_AVAILABLE DATA_.
Segment Open
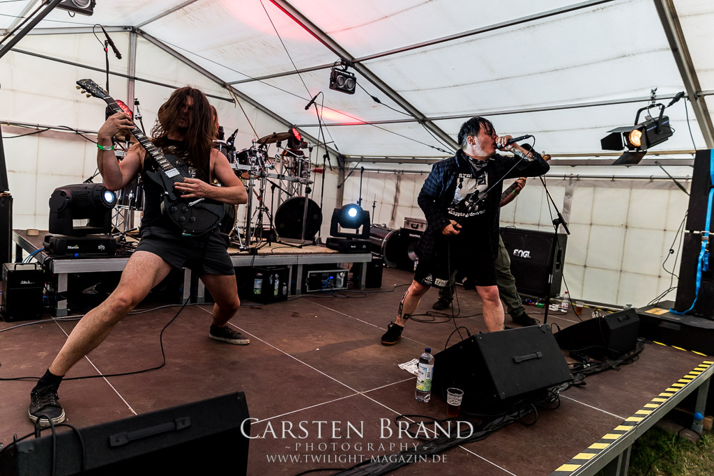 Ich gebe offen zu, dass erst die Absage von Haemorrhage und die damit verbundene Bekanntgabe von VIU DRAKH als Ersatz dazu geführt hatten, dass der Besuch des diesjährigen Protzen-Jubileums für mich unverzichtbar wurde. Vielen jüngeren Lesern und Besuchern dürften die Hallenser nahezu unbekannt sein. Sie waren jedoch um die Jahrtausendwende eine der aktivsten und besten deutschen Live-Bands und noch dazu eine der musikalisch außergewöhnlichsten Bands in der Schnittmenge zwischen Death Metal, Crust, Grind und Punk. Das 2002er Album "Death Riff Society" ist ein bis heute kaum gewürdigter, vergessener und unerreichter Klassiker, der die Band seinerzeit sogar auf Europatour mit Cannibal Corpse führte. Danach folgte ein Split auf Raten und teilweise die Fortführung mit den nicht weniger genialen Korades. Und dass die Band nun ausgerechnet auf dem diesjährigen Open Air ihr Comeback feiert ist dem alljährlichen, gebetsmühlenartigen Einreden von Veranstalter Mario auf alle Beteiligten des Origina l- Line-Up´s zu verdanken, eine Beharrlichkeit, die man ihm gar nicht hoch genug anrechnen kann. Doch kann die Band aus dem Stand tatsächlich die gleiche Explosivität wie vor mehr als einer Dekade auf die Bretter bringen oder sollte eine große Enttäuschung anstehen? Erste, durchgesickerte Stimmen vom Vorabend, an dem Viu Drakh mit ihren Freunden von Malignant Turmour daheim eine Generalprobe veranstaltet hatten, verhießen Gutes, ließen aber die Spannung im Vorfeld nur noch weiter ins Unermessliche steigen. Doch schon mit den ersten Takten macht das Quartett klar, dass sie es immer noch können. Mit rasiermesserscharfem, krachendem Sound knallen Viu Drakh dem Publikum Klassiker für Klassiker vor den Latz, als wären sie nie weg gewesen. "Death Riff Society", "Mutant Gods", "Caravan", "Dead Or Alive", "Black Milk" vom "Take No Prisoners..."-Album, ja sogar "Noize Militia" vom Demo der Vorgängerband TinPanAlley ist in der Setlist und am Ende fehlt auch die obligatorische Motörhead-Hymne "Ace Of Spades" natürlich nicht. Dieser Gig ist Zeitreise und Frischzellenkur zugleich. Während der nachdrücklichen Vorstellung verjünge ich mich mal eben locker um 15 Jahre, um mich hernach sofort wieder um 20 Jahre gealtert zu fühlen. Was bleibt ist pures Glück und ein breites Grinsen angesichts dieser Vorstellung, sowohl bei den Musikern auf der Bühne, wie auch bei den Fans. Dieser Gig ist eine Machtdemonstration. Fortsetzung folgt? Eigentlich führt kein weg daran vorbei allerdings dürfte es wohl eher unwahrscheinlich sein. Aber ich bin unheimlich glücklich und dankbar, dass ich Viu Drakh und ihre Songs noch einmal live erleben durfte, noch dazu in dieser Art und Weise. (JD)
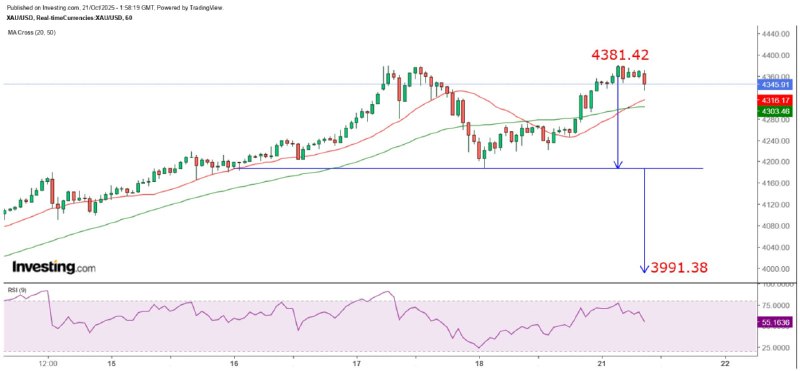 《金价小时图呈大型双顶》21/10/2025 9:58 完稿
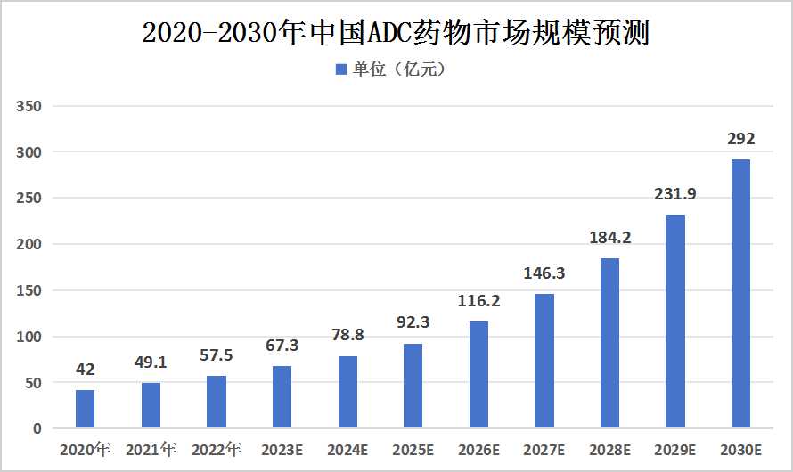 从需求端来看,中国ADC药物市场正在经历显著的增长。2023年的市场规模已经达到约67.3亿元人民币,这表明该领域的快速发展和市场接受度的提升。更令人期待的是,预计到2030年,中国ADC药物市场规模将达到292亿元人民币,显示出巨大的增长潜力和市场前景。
Segment Closed
_TASK INSTRUCTIONS_. Print out all the material above exactly as it appears, omitting the images.

_WRITTEN RESPONSE_.
 Ich gebe offen zu, dass erst die Absage von Haemorrhage und die damit verbundene Bekanntgabe von VIU DRAKH als Ersatz dazu geführt hatten, dass der Besuch des diesjährigen Protzen-Jubileums für mich unverzichtbar wurde. Vielen jüngeren Lesern und Besuchern dürften die Hallenser nahezu unbekannt sein. Sie waren jedoch um die Jahrtausendwende eine der aktivsten und besten deutschen Live-Bands und noch dazu eine der musikalisch außergewöhnlichsten Bands in der Schnittmenge zwischen Death Metal, Crust, Grind und Punk. Das 2002er Album "Death Riff Society" ist ein bis heute kaum gewürdigter, vergessener und unerreichter Klassiker, der die Band seinerzeit sogar auf Europatour mit Cannibal Corpse führte. Danach folgte ein Split auf Raten und teilweise die Fortführung mit den nicht weniger genialen Korades. Und dass die Band nun ausgerechnet auf dem diesjährigen Open Air ihr Comeback feiert ist dem alljährlichen, gebetsmühlenartigen Einreden von Veranstalter Mario auf alle Beteiligten des Origina l- Line-Up´s zu verdanken, eine Beharrlichkeit, die man ihm gar nicht hoch genug anrechnen kann. Doch kann die Band aus dem Stand tatsächlich die gleiche Explosivität wie vor mehr als einer Dekade auf die Bretter bringen oder sollte eine große Enttäuschung anstehen? Erste, durchgesickerte Stimmen vom Vorabend, an dem Viu Drakh mit ihren Freunden von Malignant Turmour daheim eine Generalprobe veranstaltet hatten, verhießen Gutes, ließen aber die Spannung im Vorfeld nur noch weiter ins Unermessliche steigen. Doch schon mit den ersten Takten macht das Quartett klar, dass sie es immer noch können. Mit rasiermesserscharfem, krachendem Sound knallen Viu Drakh dem Publikum Klassiker für Klassiker vor den Latz, als wären sie nie weg gewesen. "Death Riff Society", "Mutant Gods", "Caravan", "Dead Or Alive", "Black Milk" vom "Take No Prisoners..."-Album, ja sogar "Noize Militia" vom Demo der Vorgängerband TinPanAlley ist in der Setlist und am Ende fehlt auch die obligatorische Motörhead-Hymne "Ace Of Spades" natürlich nicht. Dieser Gig ist Zeitreise und Frischzellenkur zugleich. Während der nachdrücklichen Vorstellung verjünge ich mich mal eben locker um 15 Jahre, um mich hernach sofort wieder um 20 Jahre gealtert zu fühlen. Was bleibt ist pures Glück und ein breites Grinsen angesichts dieser Vorstellung, sowohl bei den Musikern auf der Bühne, wie auch bei den Fans. Dieser Gig ist eine Machtdemonstration. Fortsetzung folgt? Eigentlich führt kein weg daran vorbei allerdings dürfte es wohl eher unwahrscheinlich sein. Aber ich bin unheimlich glücklich und dankbar, dass ich Viu Drakh und ihre Songs noch einmal live erleben durfte, noch dazu in dieser Art und Weise. (JD)
 《金价小时图呈大型双顶》21/10/2025 9:58 完稿
 从需求端来看,中国ADC药物市场正在经历显著的增长。2023年的市场规模已经达到约67.3亿元人民币,这表明该领域的快速发展和市场接受度的提升。更令人期待的是,预计到2030年,中国ADC药物市场规模将达到292亿元人民币,显示出巨大的增长潜力和市场前景。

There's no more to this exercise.